USA beat themselves and the world

Before the final of the men's 4x400m in the Sopot world champs, teams from the USA held the world leading time, the championship record and the world record.

Kyle Clemons, David Verburg, Kind Butler III and Calvin Smith Jr. certainly had a lot to live up to. They also had the revved-up Jamaican and GB teams to compete against, with the reward of one of the biggest prizes in world athletics awaiting the victors. The American foursome thrived, finishing in 3:02.13 to smash the aforementioned teams, records and standings, and giving the Polish crowd the first and only world indoor record of the championships.

Up in the hair

Even in a men's high jump field of supreme quality, the flowing locks of Ivan Ukhov are always popular with the crowds.

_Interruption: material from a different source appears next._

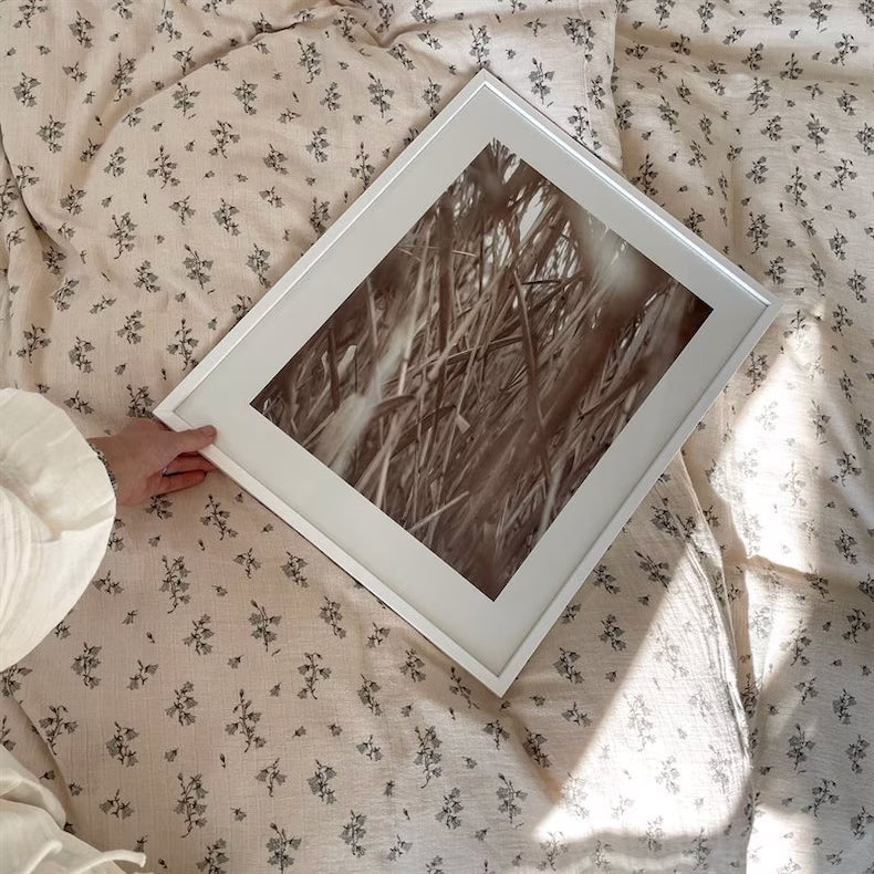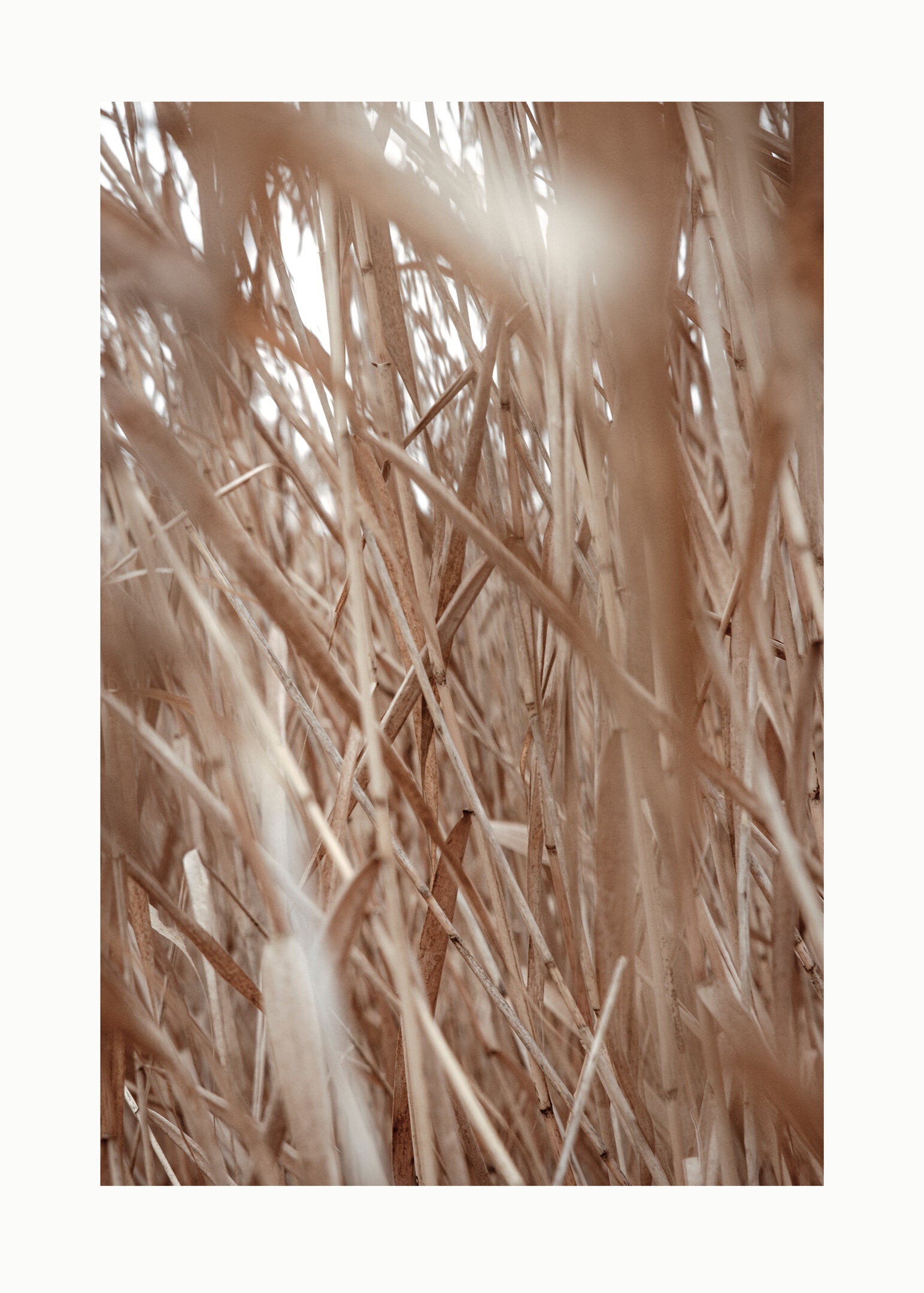 Vasstrån fångade i närbild, som förmedlar naturens enkelhet och skönhet. Med sin avslappnande estetik passar detta motiv perfekt i både vardagsrum och kök, och skapar en lugn och harmonisk atmosfär i hemmet.

The Russian has a thirst for victory, and indeed quenched it in London when he became Olympic champion in 2012.

Last year in Prague he jumped a new personal best and European indoor record. His 2.42m was the second highest indoor leap in leaping history. Now that's something worth raising a glass to.

Eaton chases his shadow

The most captivating thing about the multi-events is that every single step, every throw, every jump can be the difference between ultimate success and failure. You can't ease off in a heat, or relax knowing the rest of the field can't catch you.

Well, actually, there are few in the world capable of catching Ashton Eaton, the world record holder in both the indoor heptathlon and outdoor decathlon. But that doesn't stop him pushing, even if it just means chasing his own shadow.

And only a shadow of a split second came between Eaton and a new heptathlon record in Sopot, which left him short of his own best by a mere 13-points after seven events. But boy did he try, and dang did we enjoy watching him.

NR, PBs and WL for NB

No, not another mathematical equation. In the pentathlon in Sopot, a 23-year-old Nadine Broersen (NB) produced her very best form, setting four personal bests (PBs) in five of the events to win gold with 4830pts. It was also a world-leading (WL) score and a new Dutch national record (NR).

Her words afterwards say more than our laconic comment ever could: "I am just so happy. These are tears of joy in my eyes. My head is like a rollercoaster."